En el cabaret Mariette 
Mario Mattoli realiza al final de la década de los treinta cuatro títulos con Macario que constituyen otros tantos éxitos de público. El primero de ellos es el Imputato alzatevi! que hoy traemos a la palestra. Mattoli se sirve de un argumento de Bel Ami -periodista y libretista experimentado en revista- y recurre a la plana mayor de las redacciones de la revista de humor que está triunfando en ese momento en Italia: “Marc’Aurelio”. Aunque en los créditos sólo figuran Metz y Mattoli como responsables del libreto, también suministran gags y réplicas Marchessi, Carlo Manzoni, Vito da Bellis, Brancacci, Steno y los jovencísimos Federico Fellini y Giovanni Guareschi. 

La acción se sitúa en Francia, para no herir susceptibilidades de los jerarcas fascistas pues la película se toma a chacota el sistema judicial con el mismo desparpajo con el que lo hicieran William Wellman en Roxie Hart (1942), Tono en Habitación para tres (1951) o Fernán-Gómez en La vida alrededor (1959). Macario –con el nombre francés a más no poder de Cipriano Duval- es un ayudante de enfermería en una maternidad, con aspiraciones de compositor y cantante, que se hace pasar por tremendo mujeriego ante la enfermera Giorgetta (Leila Guarni). Cipriano tiene tan buen corazón que le roba al doctor (Carlo Rizzo) los animales con los que realiza los experimentos. Despedido del hospital, Cipriano traba conocimiento con Vetriolo (Armando Migliari), un ladrón especializado en entrar en un local con un abrigo viejo y salir de él con uno nuevo y, a ser posible, con una cartera en el bolsillo. Esa noche, después de una juerga en el cabaret Mariette, Cipriano se encuentra con cuatro abrigos flamantes, una pistola en la mano y un cadáver a sus pies.

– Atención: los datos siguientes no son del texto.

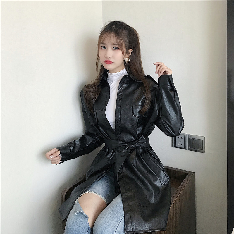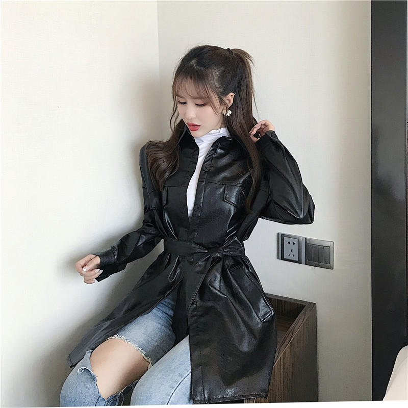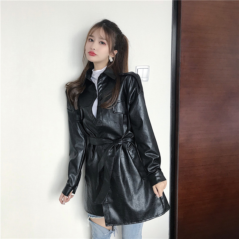 / 韓風復古小香風新款秋季時尚百搭氣質收腰系帶pu皮質風衣連衣裙潮

La policía le detiene inmediatamente. El juicio es sonado. El abogado Gaveneau (Enzo Biliotti) es un especialista en procesos sensacionales y presenta el homicidio, del que Cipriano es totalmente inocente, como un truculento crimen pasional. Cuando el jurado lo absuelve, a pesar de hallarlo culpable, la popularidad de Cipriano Duval llega al paroxismo. El empresario teatral que antes no quería ni escuchar las canciones de Cipriano lo contrata ahora en exclusiva. A la salida del tribunal se encuentra con Vetriolo detenido. Le ofrece trabajo. —¿Qué sabes hacer? –pregunta Cipriano. —Nada. —¿Nada de nada? —Nada de nada. —Entonces serás el director. El espectáculo es, por supuesto, una revista al estilo de Macario. Por eso se proyecta la película aquí, bajo la carpa. Los esfuerzos del verdadero asesino por desacreditar a Cipriano con la connivencia del doctor que ve como la bella Giorgetta se escapa de sus garras, constituyen los salvables obstáculos finales antes de que triunfe la revista y, de paso, el amor. 

Dove sei Lulù 
Sin embargo, la potencia cómica de Imputato alzatevi! reside menos en su argumento que en la capacidad de sus guionistas y protagonista de encadenar gags verbales y visuales de una excentricidad digna de los hermanos Marx de los primeros años treinta. Si en sus trabajos con Totò, Mattoli se pone al servicio del cómico napolitano, en las películas con Macario demuestra que es posible crear humor de primera a partir de una hábil manipulación de la planificación y el montaje. La escena del cabaret es, en este sentido, modélica: personajes absolutamente desquiciados como la devora-hombres del guardarropa (Livia Minelli) o la cantante afónica (estupenda Greta Gonda); peleas, batacazos y tartazos; el clásico marmolillo que no se entera de nada y cada vez que estampan una botella en la puerta invita al responsable a entrar; o la orquesta inasequible al desaliento.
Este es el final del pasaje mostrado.